The Bureau of Alcohol, Tobacco, Firearms and Explosives is actually using two MDM solutions to manage its 2,500 iPhones, 300 iPads and 1,200 BlackBerrys said Walter Bigalow, chief of IT services management at ATF.

"The use cases determine how we use the MDMs in our environment," he said, adding that ATF uses a combination of Good and AirWatch.

The bureau is using Good's MDM solution when it needs to ensure that ATF information stays within the sandbox, which requires a complex passcode to access. Agents can use a simpler passcode just to get on and make a phone call, said Bigalow.

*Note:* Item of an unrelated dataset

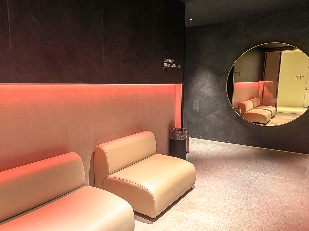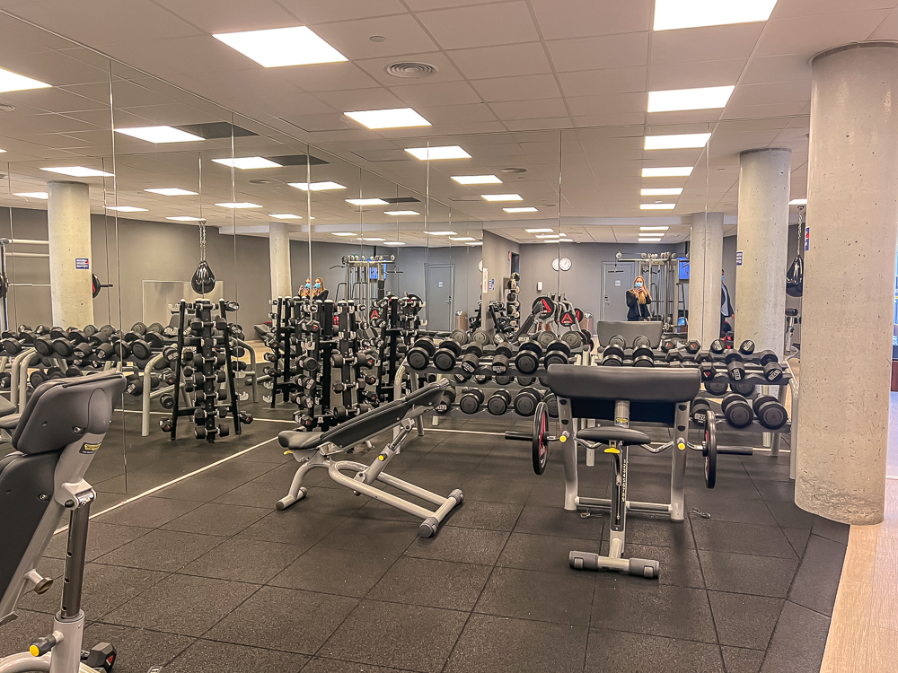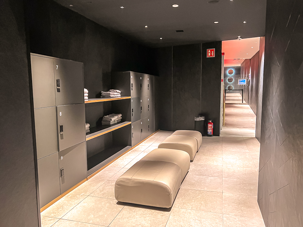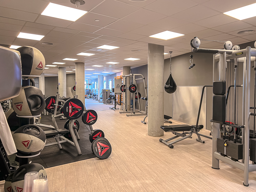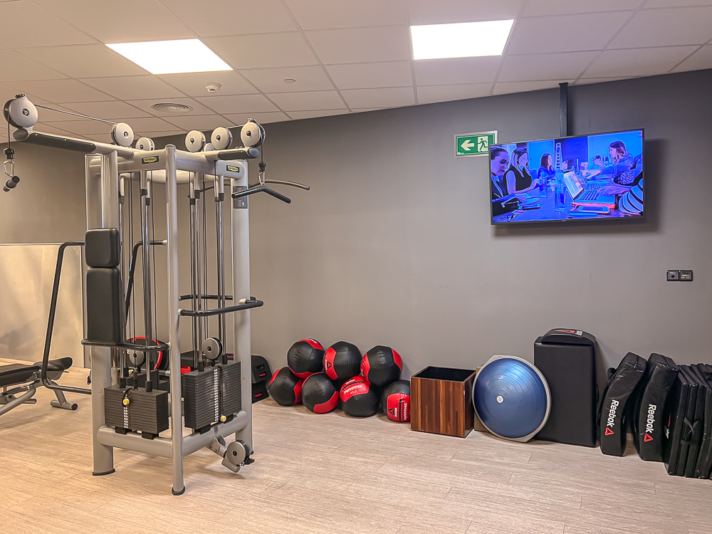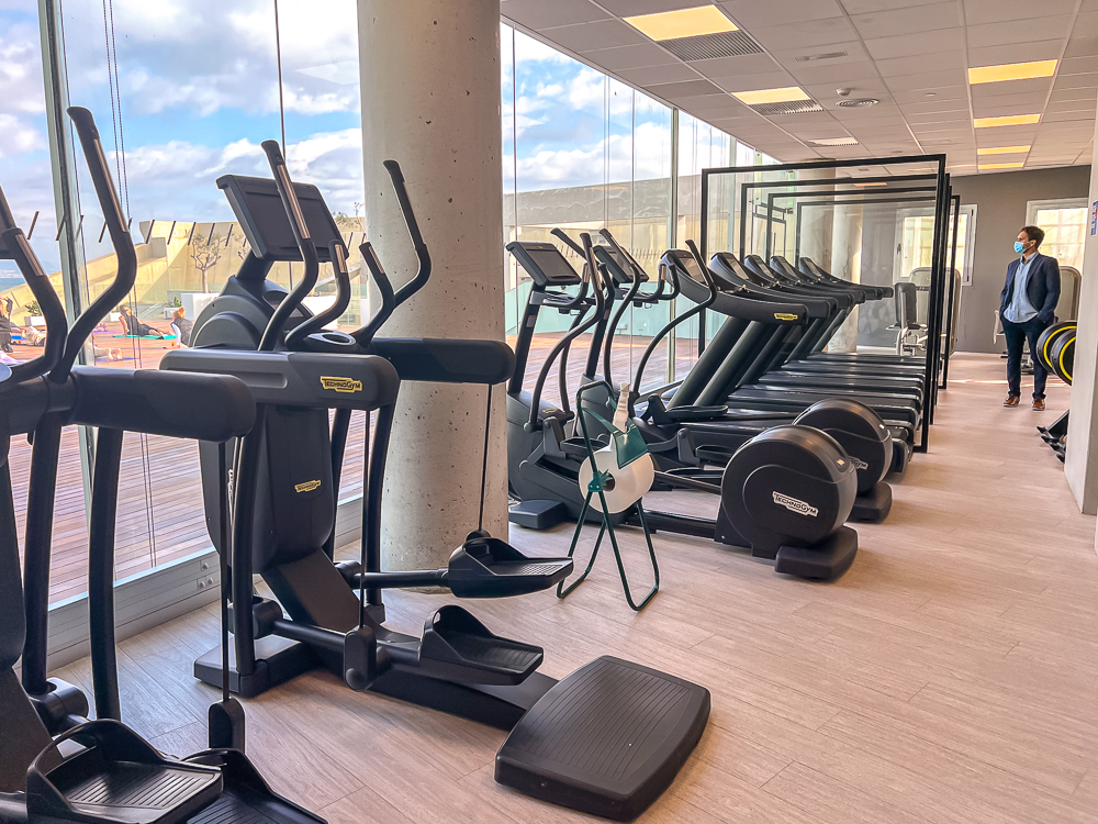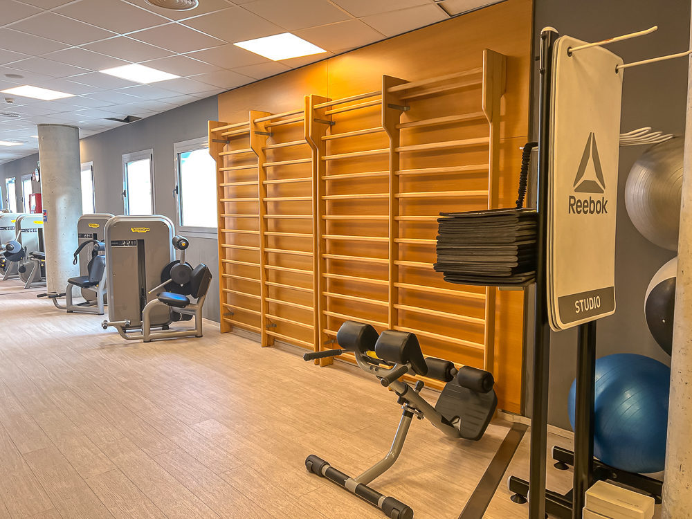 La salle de fitness est très attrayante. Beaucoup d’appareils de musculation sont présents, certains font face à une grande terrasse en bois. D’ailleurs un cours de yoga étaient donné à notre passage. Les vestiaires sont propres, sobres et design.

AirWatch--which requires a single, complex passcode--allows agents broader access into the iPhone to use third-party apps to take photos, GPS readings and send information back to the bureau through the enterprise case management system, he said.

The bureau is "aggressively" exploring bring your own device, or BYOD, for agents and its established MDM strategy could make that process easier, said Bigelow.

Because NASA is using mopbile application management and has a "robust security infrastructure in place" it's already allowing BYOD, said Beverly. Employees are required to use their NASA credentials for authentication, when accessing an application, she said. However, users are limited to NASA's internal apps.

"Our CTO and CIO recognize there are other aspects of mobility that the users are going to want to utilize, and they're going to have to address a policy. We're in the throes of doing that now," said Beverly. "By September I do believe we'll have our first draft of that particular strategy."